Удивительно, но митрополит Макарий встретил приезд Максима Грека спокойно и даже обнял его и поблагодарил.

— Спасибо, государь, что внял моим мольбам и снял с меня ношу тяжкую.

Оказалось, что Макарий много раз писал прошения и Елене Глинской, и царю Ивану, освободить монаха из узилища, но, кроме того, чтобы ослабить угнетение Грека в монастырях, добиться ничего не удалось.

За эти три дня Грек с Макарием договорились до того, что митрополит предложил монаху должность настоятеля Московского Симонова монастыря.

— В нём четыре года братия без настоятеля. Не принимают никого после Трифона. Там такие же нестяжатели, как и ты. Найдёте общий язык.

— Слышал я про ту братию. Не потому они настоятелей не принимают, что не алчут. Ну, да ничего… Мне Сильвеструшка поможет.

Сильвестр, как узнал о новом назначении Грека, так сразу пристал к Саньке, чтобы тот отпустил в монастырь «грехи отмаливать». Александр три дня помучил духовника и согласился

И вот Максим Грек сидел за праздничным столом в одеянии архимандрита, а Сильвестр в монашеском облачении.
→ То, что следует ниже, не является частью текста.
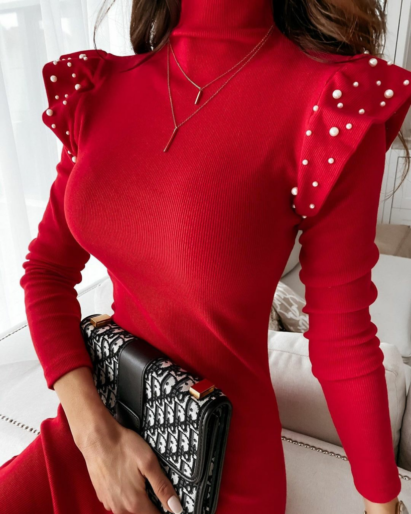 Kadın Kırmızı Uzun Kollu Balıkçı Yaka Omuzlarda Pile Inci Detay Kaşkorse Elbise

Со стороны смотрелось красиво. Адашев, Захарьин и Шуйский сидели, одетые в золото и кровавый бархат, по левую руку, а Макарий, Грек и Сильвестр, одетые в чёрное с золотом, по правую.

— «Символичненько!», — подумалось Александру.

Часа через три, если судить по песочным часам, гости стали постепенно сползать под столы, на которых, к тому времени, уже стоял десерт: любимейшее Санькой сладкое желе на «рыбном клее», что он самолично придумал лить, всевозможные пирожки со сладкой начинкой, сбитни. Ну и меды, и вина. Кстати вина на пиру присутствовали с самого начала, и вина неплохие. Но царствовали на столах меды, конечно. Настоянные на разных ягодах, они давали разный вкус и аромат. Да и хмелили по-разному.

Санька и сам вздремнул пару раз, но в основном развлекался перелётами с места на место, исследуя новые возможности.

Оказалось, что материализоваться на новом месте можно было не полностью. То есть, тело вроде есть, и его видно, но словно в слабом контрасте. Интересно, что и предметы можно было брать в руки и как-то по-другому на них воздействовать. С этим вышел казус.

Слетал Санька в лесок, побродил там, взял небольшую палочку рассмотреть и, забыв про неё, вернулся за стол.

— Что это у тебя? — спросил тихо Адашев. — Где взял? В пироге?! Я их мерзавцев.

— Не горячись. То было у меня. Подобрал на площади.

Санька спрятал палочку за спину, чтобы не подумали, что он ворожит. Времена были тёмные. Не дай бог если назавтра непогода случится, или ещё какая дрянь, припишут его колдовству.

Из-за столов, кроме как под лавку, не вставали, и Санька дивился некоторым питухам. Кто-то уже несколько раз под стол слазил, что было видно по следам на золочёных кафтанах, а кто-то так и продолжал вливать в себя хмельное.

Хотя, нет… Из-за стола выходили в сени отлить лишнюю жидкость. Александр тоже выходил и, как и все, опорожнил мочевой пузырь в горшок, стоящий за ширмой.

— «Надо бы продумать этот вопрос», — подумал Санька, вздыхая. — «На каждом новом месте приходиться начинать со строительства нормального туалета! Сколько я уже их построил?»